How do I find the integral `int(x*e^-x)dx` ?

`int xe^(-x) dx = -xe^(-x) - e^(-x) + C`

Process:

`int x e^(-x) dx =` ?

This integral will require integration by parts. Keep in mind the formula:

`int u dv = uv - int v du`

We will let `u = x`, and `dv = e^(-x) dx`.

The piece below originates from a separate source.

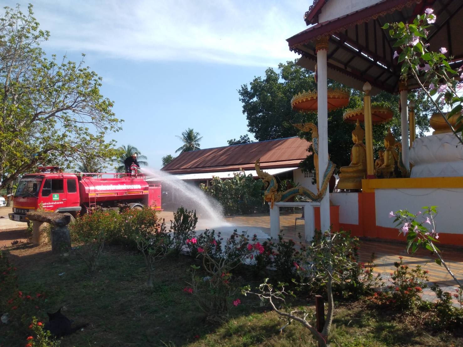 งานป้องกันฯ นำรถดับเพลิงออกให้บริการน้ำ ฉีดล้างทำความสะอาดภายใน และภายนอกรอบบริเวณโบสถ์ วัดวารินดำรงค์ �...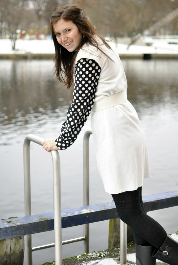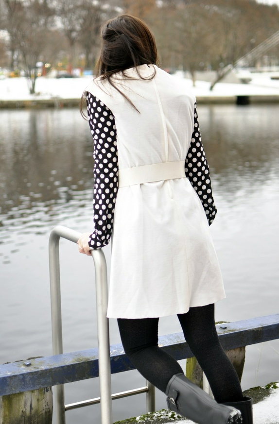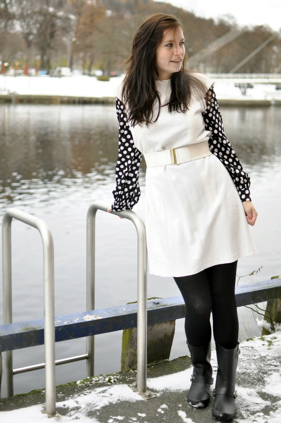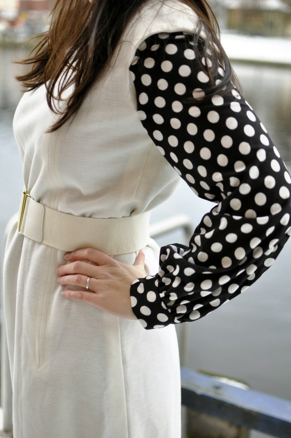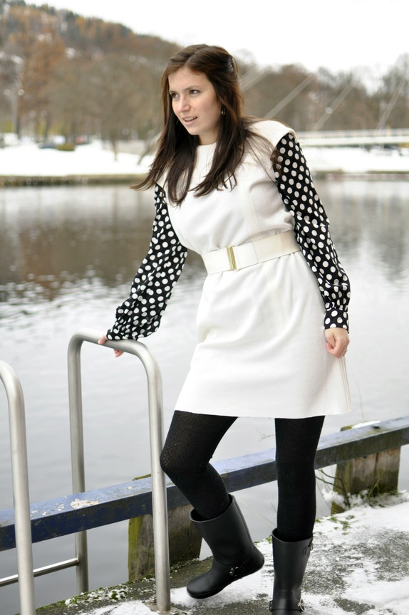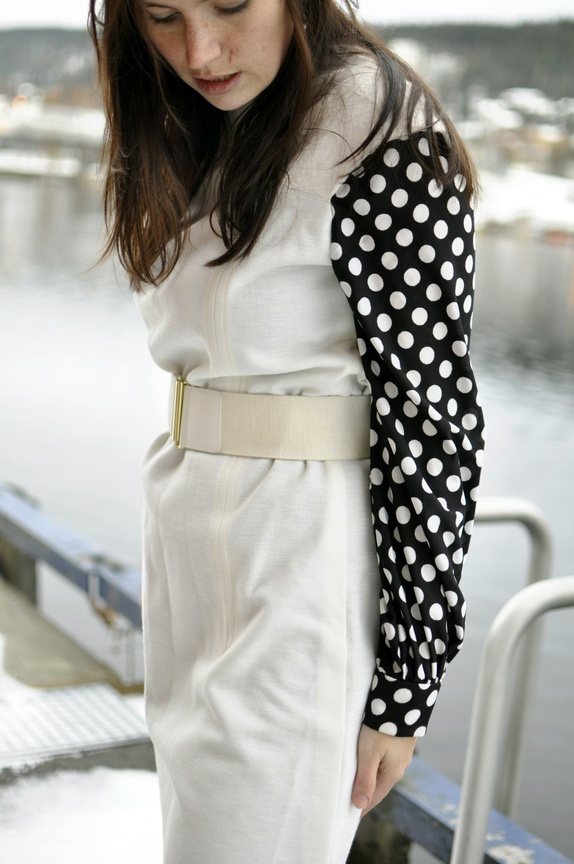Utrolig fin kjole fra rundt 60-tallet. Selve kjolen er hvit, mens armene består av armer i "løsere" stoff som er fylt med de søteste prikker!

Therefore, `du = dx`. Finding `v` will require a `u`-substitution; I will use the letter `q` instead of `u` since we are already using `u` in the integration by parts formula.

`v = int e^(-x) dx`
let `q = -x`.

thus, `dq = -dx`

We will rewrite the integral, adding two negatives to accommodate `dq`:

`v = -int -e^(-x) dx`

Written in terms of `q`:

`v = -int e^(q) dq`

Therefore,

`v = -e^(q)`

Substituting back for `q` gives us:

`v = -e^(-x)`

Now, looking back at the IBP's formula, we have everything we need to start substituting:

`int xe^(-x) dx = x*(-e^(-x)) - int -e^(-x) dx`

Simplify, canceling the two negatives:

`int xe^(-x) dx = -xe^(-x) + int e^(-x) dx`

That second integral should be easy to solve - it's equal to `v`, which we've already found. Simply substitute, but remember to add the constant of integration:

`int xe^(-x) dx = -xe^(-x) - e^(-x) + C`